Recent letters to these columns have both criticised and defended the feminist movement and the notion of women's liberation. Those women who have achieved high positions in business are attacked for neglecting their families while those who serve at home are maligned for burying their talents and being subservient to crass, unfeeling men.
This controversy is very unwelcome and damaging, because it pits two victimised groups against each other and weakens them both, when they should be united against the social forces that harm women and families as a whole.
When machines took the place of muscles, women became more desirable as employees since they were less organised and obstreperous than men, less mobile and less demanding than men and less willing to confront unjust bosses and unfair working conditions.
'Suffering in silence' was the ideal female trait sought after by capitalists.
Instead of serving her loved ones, a woman's energies could be directed towards the amassing of wealth for male bosses in huge corporations that dominated modern economies.

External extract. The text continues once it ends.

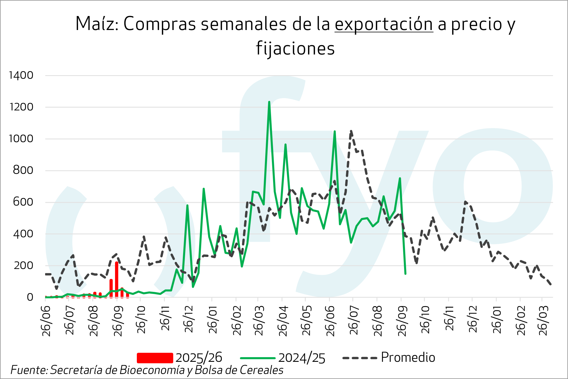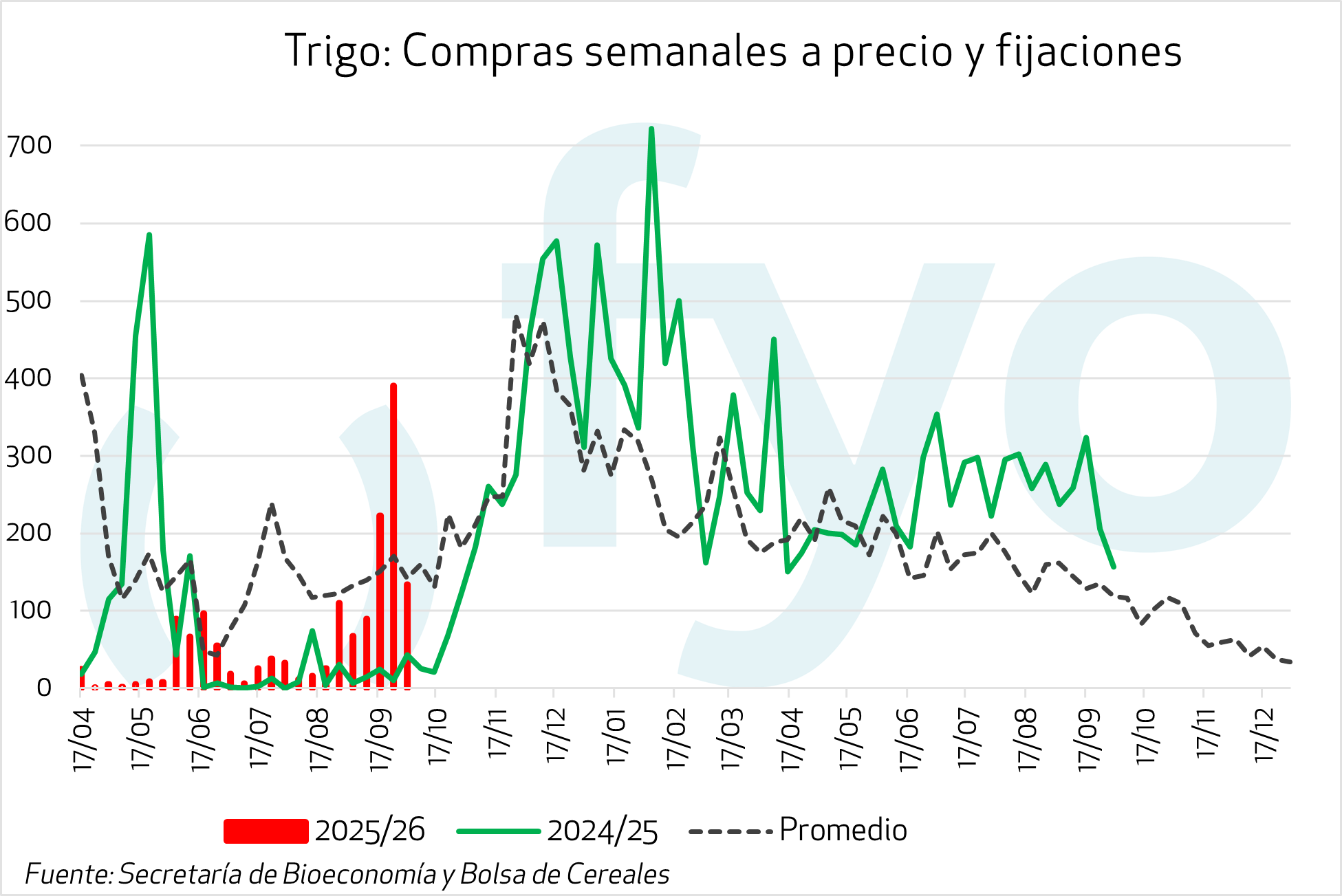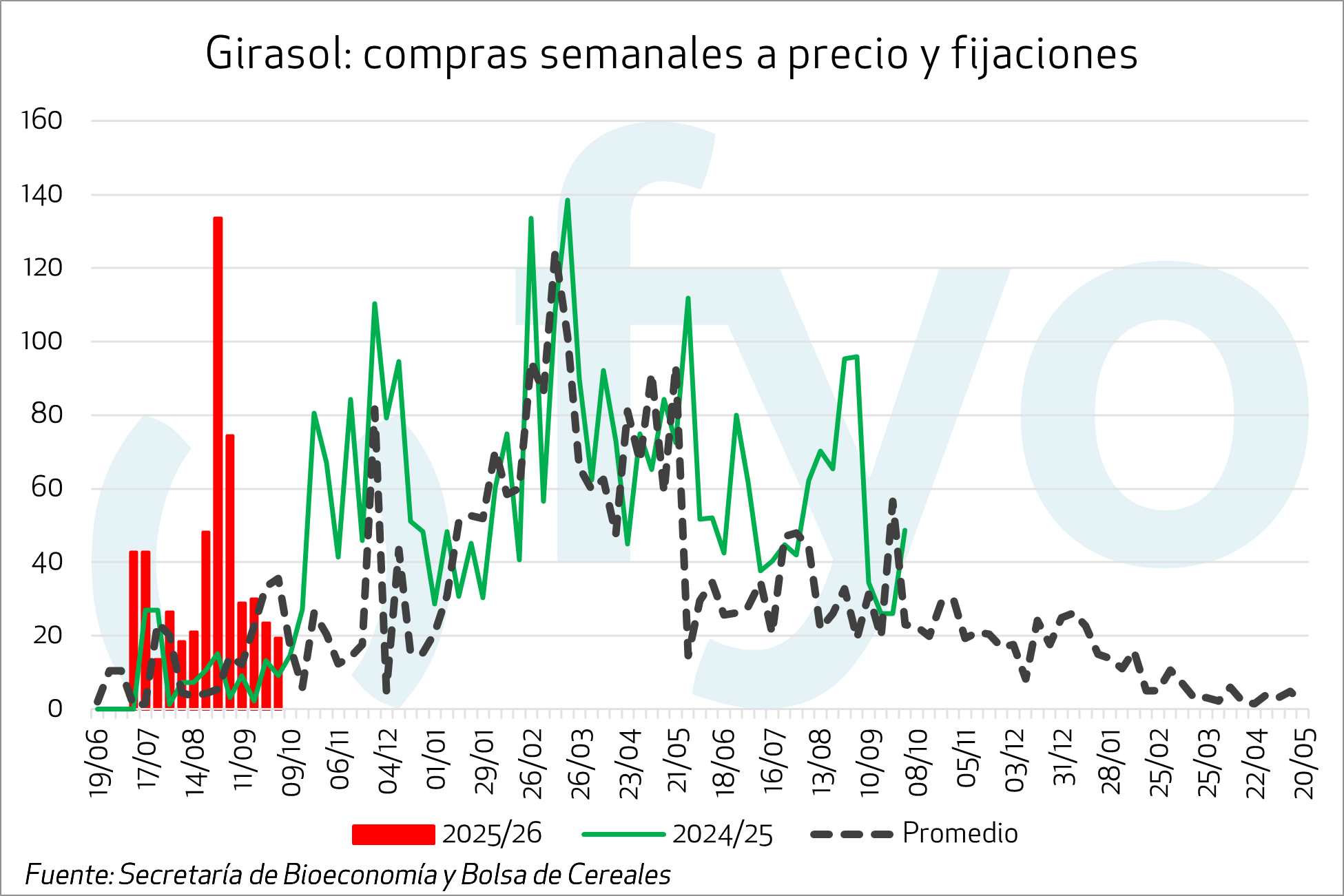 Se negociaron con precio 1,46 Mt de soja de la campaña 2024/25 y 678.000 tt. de soja de la 2025/26. El volumen acumulado de la campaña vieja alcanza al 65% de la producción, 12 pp. por encima de los promedios. De la nueva campaña, ya acumulan 1,93 Mt con precio puesto, el 4% de la producción, y un punto porcentual por encima de los promedios a la fecha.

A few women, sacrificing feminine identity, could be given token jobs in upper management as sops to their ambition, but the top jobs and highest rewards still went to the male bosses. To the modern corporation, the family is merely the source of labour - a reproductive machine that provides movable bodies for work and disposes of them when they are worn out. Attempts to get corporations to provide long-term after-employment security and a decent old age is fought fiercely by chambers of commerce and other corporate entities.
Perceptive women will note how the most masculine of all social forces - the military machine - now invites women to take part in what is a repressive function. The armies of China, Indonesia, Burma (Myanmar), and most of Latin America are directed at maintaining oppressive status quos where women and their families are made tools of state aggrandisement.